§ ASSIGNMENT: Print every line from the start of the data, and when you reach the line with "en av dom | |", include it and stop. Pictures are not part of the copy.

(RECORDS begins)

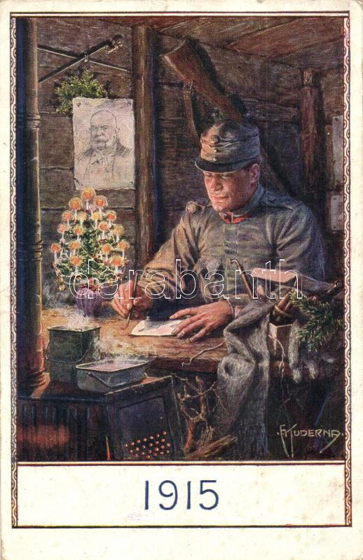 Leírás: A K.u.K. hadsereg katonája 1915 karácsonyán, Ferenc József / Soldier of the Austro-Hungarian Army in Christmas 1915, Franz Joseph s: Kuderna (EK)
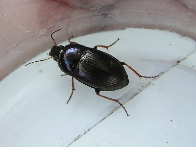 【左】ユミアシゴミムシダマシが樹皮にいました。
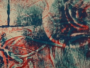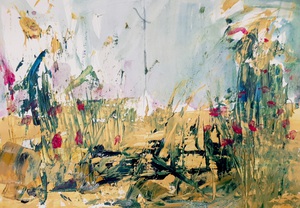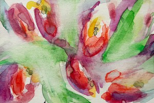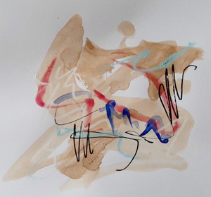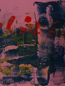 2023Een spontane compositie voor een kunstkaart, met verfspatel in primaire kleuren.
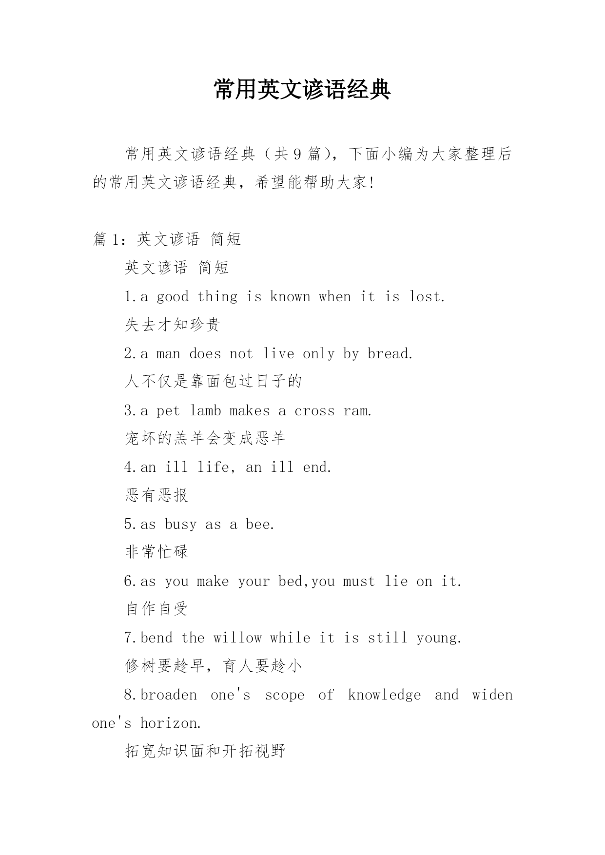 常用英文谚语经典常用英文谚语经典(共9篇),下面小编为大家整理后的常用英文谚语经典,希望能帮助大家!篇1:英文谚语简短英文谚语简短1.agoodthingisknownwhenitislost.失去才知珍贵2.amandoesnotliveonlybybread.人不仅是靠面包过日子的3.apetlambmakesacrossram.宠坏的羔羊会变成恶羊4.anilllife,anillend.恶有恶报5.asbusyasabee.非常忙碌6.asyoumakeyourbed,youmustlieonit
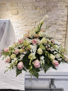 Lleve a su ser querido con estilo y honor con el arreglo Cala White & Pink Casket. Preparamos este arreglo único con una selección de rosas, lirios cala, dendrobiums blancas (flor de orquídea) y stock. Un recordatorio de amor y respeto para un día de descanso eterno.
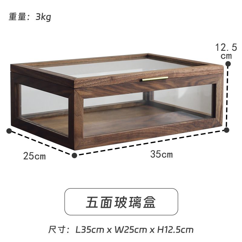 5分鐘前「純手工匠製」胡桃木製作桌面博古架 ,節省空間 大氣典雅的茶具置物架 - 黑胡桃木-五面玻璃盒
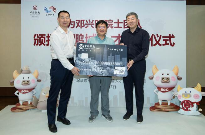 深圳新聞網(wǎng)·見圳客戶端2020年11月8日訊 昨日,深圳市光明區(qū)委常委、組織部部長繩萬青,中國銀行深圳市分行副行長韓竹代表深圳市光明區(qū)人才辦和中國銀行深圳市分行,為生物學(xué)家、美國國家科學(xué)院院士鄧興旺及部分團(tuán)隊成員頒發(fā)了“中銀鵬城人才卡”鉆石卡,這是全市范圍內(nèi)首張向在深院士發(fā)放的“中銀鵬城人才卡”,標(biāo)志著這張由光明區(qū)人才辦和深圳中行共同策劃推出的人才卡實現(xiàn)了市級認(rèn)定的各層級人才全覆蓋。鄧興旺院士是深圳市杰出人才獲得者、深圳市作物分子設(shè)計育種研究院院長、深圳興旺生物種業(yè)有限公司董事長,他帶領(lǐng)團(tuán)隊2010年到深圳創(chuàng)業(yè),多年來在水稻領(lǐng)域取得兩項重大技術(shù)突破,其中“潔田模式”大規(guī)模市場示范面積達(dá)到50萬畝,有效加快了中國農(nóng)業(yè)的輕簡化、現(xiàn)代化步伐。
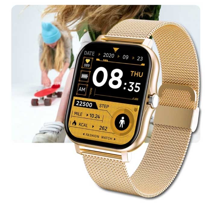 1.69 "Smartwatch Smartband Fitness Sportowy zegarek do śledzenia aktywności IP67 iOS iPhone Android Silikonowy pasek Złoty
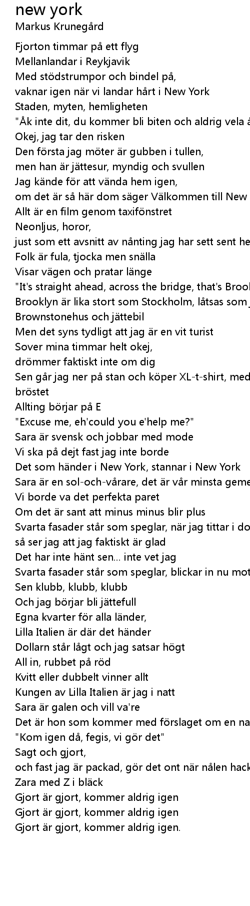 | Brooklyn är lika stort som Stockholm, låtsas som jag är en av dom | |
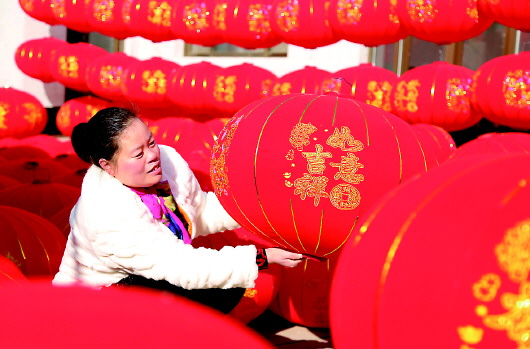 河北邢台市南和区东三召乡依托灯笼制作传统手工技艺,积极发展灯笼制作,带动村民在家门口就业增收(12月14日摄)。 新华社发(张驰摄)
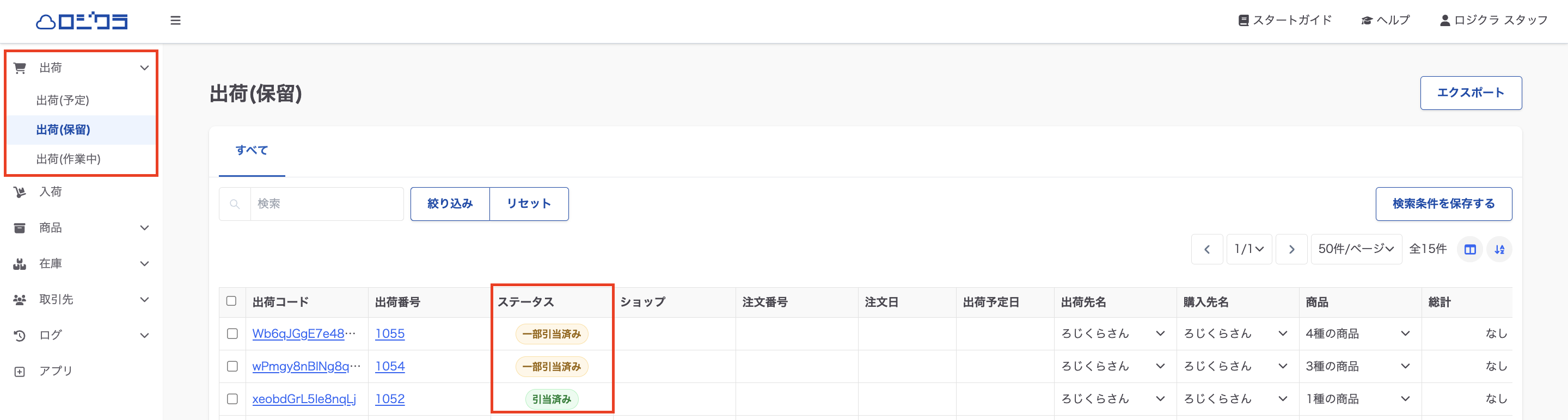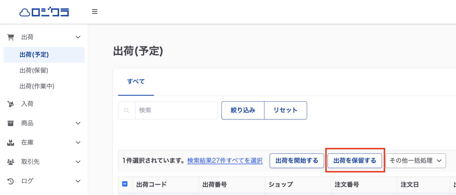 ※ 出荷保留にした出荷データは旧デザインの出荷予定、出荷作業中の一覧からは確認ができなくなります。
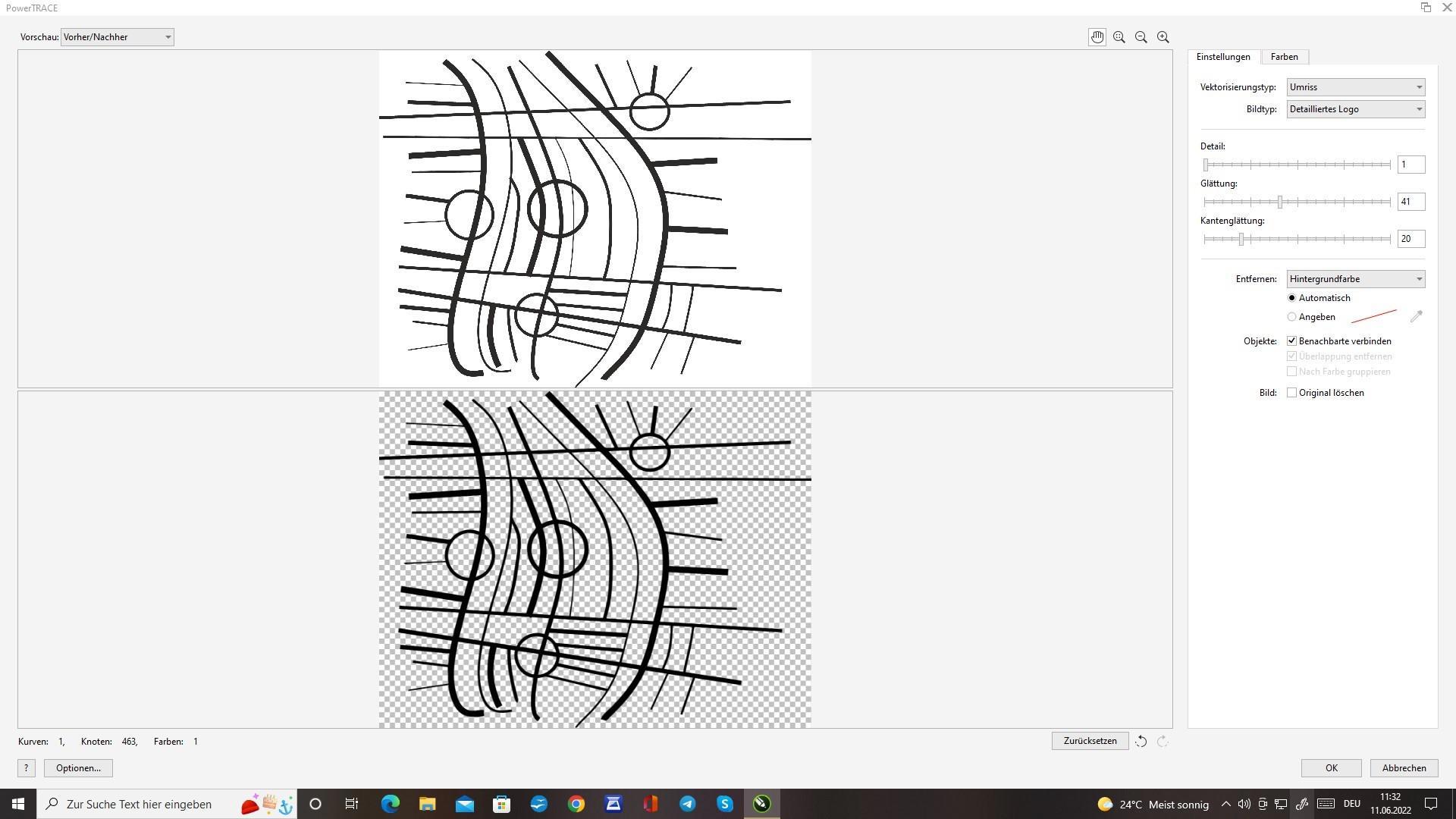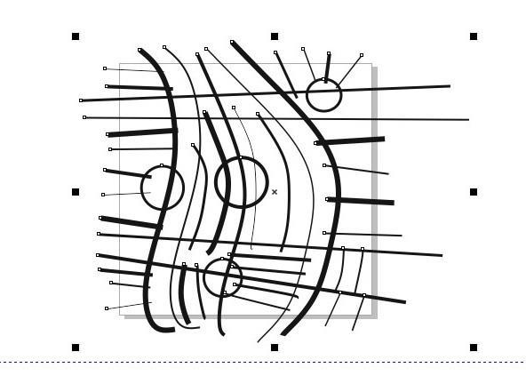 снова сунул в векторный софт, там снова векторизировал, и уже тогда стал туда-сюда, в основном вручную, вот так тянуть контуры и немножко извращаться. Тут можно еще играть и играть...
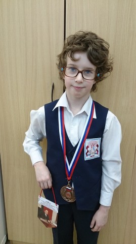 Поздравляем ученика 2-б класса Ратнера Якова с успешным выступлением на городском турнире по быстрым шахматам. Яша получил получил медаль за 3 место в турнире С. Так держать!
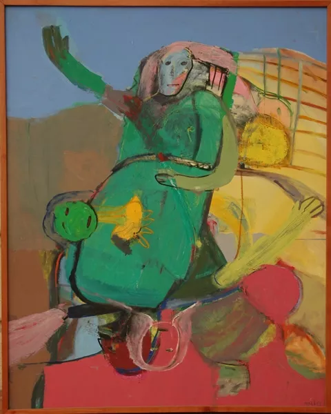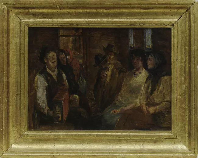Obra de formato rectangular. Composición en base a una escena interior...

(RECORDS ends)

§ TASK OUTPUT:
 Leírás: A K.u.K. hadsereg katonája 1915 karácsonyán, Ferenc József / Soldier of the Austro-Hungarian Army in Christmas 1915, Franz Joseph s: Kuderna (EK)
 【左】ユミアシゴミムシダマシが樹皮にいました。
 2023Een spontane compositie voor een kunstkaart, met verfspatel in primaire kleuren.
 常用英文谚语经典常用英文谚语经典(共9篇),下面小编为大家整理后的常用英文谚语经典,希望能帮助大家!篇1:英文谚语简短英文谚语简短1.agoodthingisknownwhenitislost.失去才知珍贵2.amandoesnotliveonlybybread.人不仅是靠面包过日子的3.apetlambmakesacrossram.宠坏的羔羊会变成恶羊4.anilllife,anillend.恶有恶报5.asbusyasabee.非常忙碌6.asyoumakeyourbed,youmustlieonit
 Lleve a su ser querido con estilo y honor con el arreglo Cala White & Pink Casket. Preparamos este arreglo único con una selección de rosas, lirios cala, dendrobiums blancas (flor de orquídea) y stock. Un recordatorio de amor y respeto para un día de descanso eterno.
 5分鐘前「純手工匠製」胡桃木製作桌面博古架 ,節省空間 大氣典雅的茶具置物架 - 黑胡桃木-五面玻璃盒
 深圳新聞網(wǎng)·見圳客戶端2020年11月8日訊 昨日,深圳市光明區(qū)委常委、組織部部長繩萬青,中國銀行深圳市分行副行長韓竹代表深圳市光明區(qū)人才辦和中國銀行深圳市分行,為生物學(xué)家、美國國家科學(xué)院院士鄧興旺及部分團(tuán)隊成員頒發(fā)了“中銀鵬城人才卡”鉆石卡,這是全市范圍內(nèi)首張向在深院士發(fā)放的“中銀鵬城人才卡”,標(biāo)志著這張由光明區(qū)人才辦和深圳中行共同策劃推出的人才卡實現(xiàn)了市級認(rèn)定的各層級人才全覆蓋。鄧興旺院士是深圳市杰出人才獲得者、深圳市作物分子設(shè)計育種研究院院長、深圳興旺生物種業(yè)有限公司董事長,他帶領(lǐng)團(tuán)隊2010年到深圳創(chuàng)業(yè),多年來在水稻領(lǐng)域取得兩項重大技術(shù)突破,其中“潔田模式”大規(guī)模市場示范面積達(dá)到50萬畝,有效加快了中國農(nóng)業(yè)的輕簡化、現(xiàn)代化步伐。
 1.69 "Smartwatch Smartband Fitness Sportowy zegarek do śledzenia aktywności IP67 iOS iPhone Android Silikonowy pasek Złoty
 | Brooklyn är lika stort som Stockholm, låtsas som jag är en av dom | |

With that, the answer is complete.